Andrea Dworkin testified before the Attorney General’s Commission on Pornography on January 22, 1986. She writes,
Numerous civil liberties folks, including pro-pornography “feminists”, had already testified in other cities. I spoke to the Commission because my friends, feminists who work against pornography, asked me to. Every effort was made by the pro-pornography lobby to discredit the Commission. A memo dated June 5, 1986, from Gray and Company, the largest public relations firm in Washington DC, with ties to both the Reagan White House and the old Kennedy White House, outlines a strategy to discredit the Commission. The memo was prepared for the Media Coalition, a bunch of publishing and media trade groups, including distributors, that has been very active for many years in providing legal protection for pornography, including child pornography.
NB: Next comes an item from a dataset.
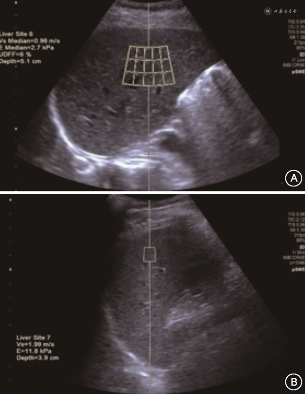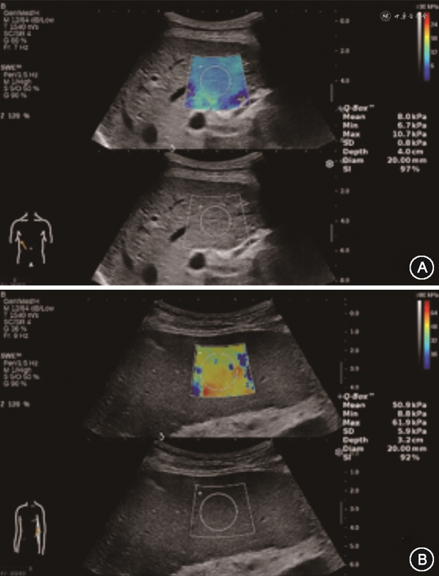 2D-SWE和p-SWE测量时,取样框应置于肝脏实质回声均匀处,避开大血管、胆道及肋骨,取样框尽量平行于肝包膜,放置在肝包膜下方1~2 cm,不超过6 cm处[30, 31, 32,34]。2D-SWE测量LSM时,取样框内填充的彩色信号需超过三分之二,Q-Box优先放置在弹性图的中央位置,建议Q-Box直径≥1.5 cm[31, 32](图1A,图2A)。
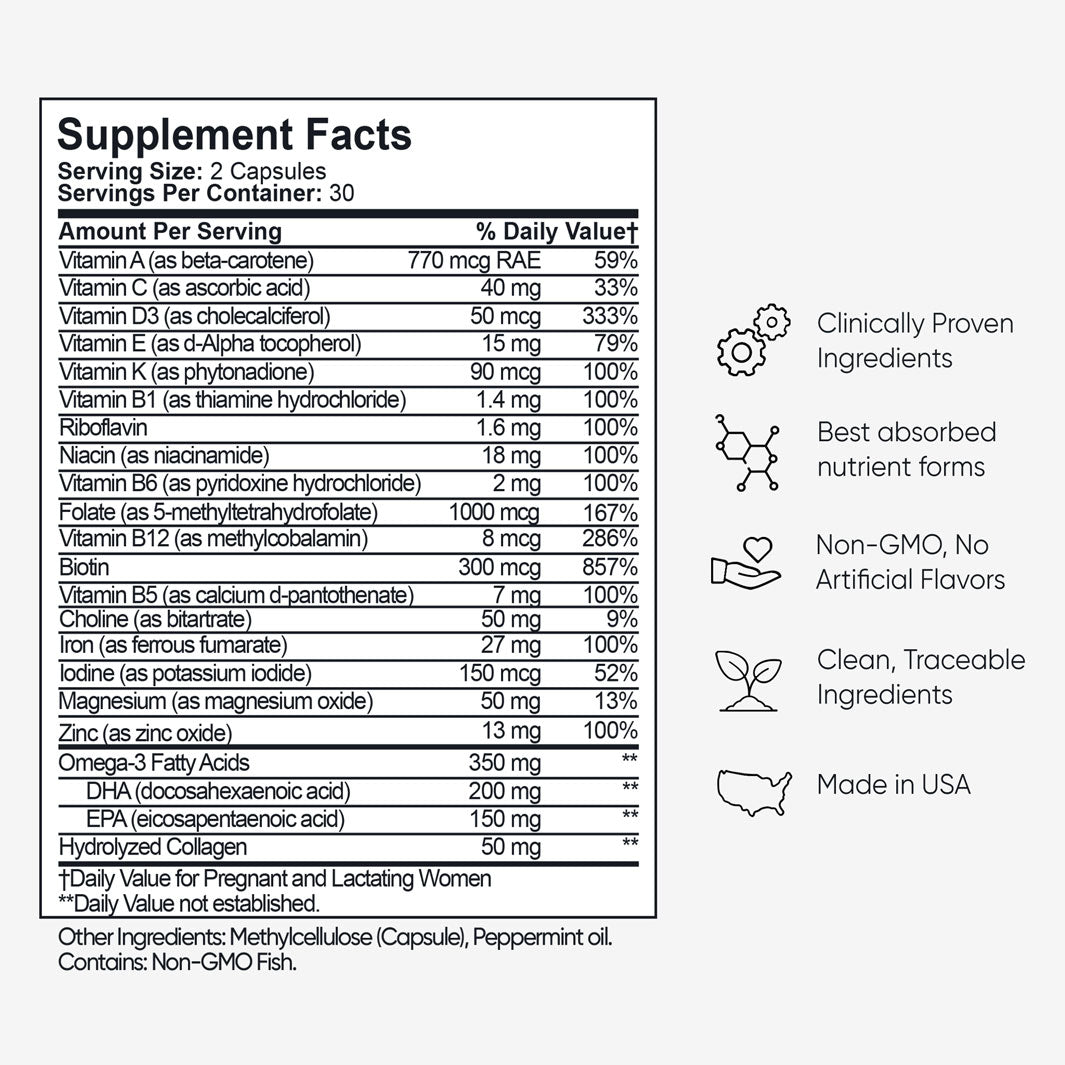 - Contains critical nutrients often missing from prenatal vitamins like Folate, DHA, Choline and Collagen

A campaign costing nearly one million dollars would effectively discredit the findings of the Commission by smearing those who oppose pornography, creating a hysteria over censorship, and planting news stories to say that there is no proven relationship between pornography and harm to women and children.
To the Commission, Dworkin said, “We see pornography used to create harassment of women and children in neighborhoods that are saturated with pornography, where people come from other parts of the city and then prey on the populations of people who live in those neighborhoods, and that increases physical attack and verbal assault….
“We see a major trade in women, we see the torture of women as a form of entertainment, and we see women also suffering the injury of objectification–that is to say we are dehumanized. We are treated as if we are subhuman, and that is a precondition for violence against us.”